## DIRECTIONS
When you reach the line below that has "Those famous Casey’s", start returning lines exactly, and stop after the line that has "Plyšová tuleň je"; skip the pictures.

DATASET CONTENT Start Marker

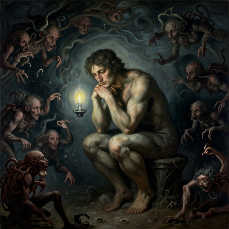 This digital painting depicts a muscular, naked man with curly dark hair, crouching in a dark, eerie cave. He holds a glowing lantern in his right hand, illuminating his face and upper body. Surrounding him are numerous shadowy, grotesque, and twisted humanoid figures with distorted faces and elongated limbs, reaching towards him with menacing expressions. The cave background is dark and misty, with swirling shadows adding to the ominous atmosphere. The man's skin is pale and his expression is one of fear and contemplation. The overall style is reminiscent of dark fantasy art, with a focus on contrast and dramatic lighting.
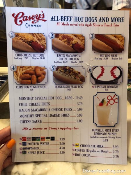 Those famous Casey’s french fries have gotten a couple of makeovers on the new Casey’s Corner menu. First up, they’ve been doused with that electric orange mac and cheese that’s used on the mac and cheese dog here, and then dusted with bacon bits to boot.
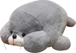 Plyšová tuleň je vyrobená z vysoko kvalitného materiálu v jemnej sivej farbe, pripomínajúca realistického tuleňa s priateľským, mierne splošteným tvarom. Jej zaoblené telo, výrazné labky a sladký výraz s ňufákom a fúzmi okamžite vzbudzujú dôveru a potrebu ju objať.
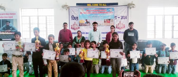 पूर्णिया. सीके जायसवाल मेमोरियल जिला स्तरीय शतरंज प्रतियोगिता का पुरस्कार वितरण खेल भवन सह व्यायामशाला में संपन्न हुआ. यह प्रतियोगिता कक्षा 3 और 4 के लिए आयोजित थी. इसमें 35 बालक-बालिका शतरंज खिलाड़ियों ने भाग लिया. समारोह के मुख्य अतिथि समाजसेवी स्वाति अग्रवाल ने बच्चों को मेडल, सर्टिफिकेट व ट्रॉफी देकर के पुरस्कृत किया. उन्होंने कहा कि शतरंज खेलने से मानसिक विकास बहुत तीव्र गति से होता है और निर्णय लेने की क्षमता बढ़ती है. मंच संचालन टारगेट जीएम शतरंज क्लब के सचिव सह अंतरराष्ट्रीय रेटेड शतरंज खिलाड़ी अमृत साजन कर रहे थे. प्रतियोगिता में मुख्य निर्णायक की भूमिका किशनगंज के अमानुल्लाह व अंशुमन ने निभायी. इस मौके पर बच्चे के अभिभावक व खेल प्रेमी मौजूद थे. प्रतियोगिता में जीत हासिल करने वाले खिलाड़ियों में बालक वर्ग में प्रथम स्थान आदित्य गुप्ता को मिला. द्वितीय स्थान पर आर्यन राज, तृतीय स्थान पर प्रांशु सिंह, चौथे स्थान पर मिहिर राज और पांचवे स्थान पर समर्थ आनंद रहे. इसी तरह बालिका वर्ग में प्रथम स्थान पर कियारा गोलछा, द्वितीय स्थान पर अर्पिता कुमारी और तृतीय स्थान पर प्रतीक्षा राज रही. फोटो–17 पूर्णिया 21- पुरस्कृत शतरंज खिलाड़ी व अन्य.

DATASET CONTENT End Marker

## THE ANSWER
 Those famous Casey’s french fries have gotten a couple of makeovers on the new Casey’s Corner menu. First up, they’ve been doused with that electric orange mac and cheese that’s used on the mac and cheese dog here, and then dusted with bacon bits to boot.
 Plyšová tuleň je vyrobená z vysoko kvalitného materiálu v jemnej sivej farbe, pripomínajúca realistického tuleňa s priateľským, mierne splošteným tvarom. Jej zaoblené telo, výrazné labky a sladký výraz s ňufákom a fúzmi okamžite vzbudzujú dôveru a potrebu ju objať.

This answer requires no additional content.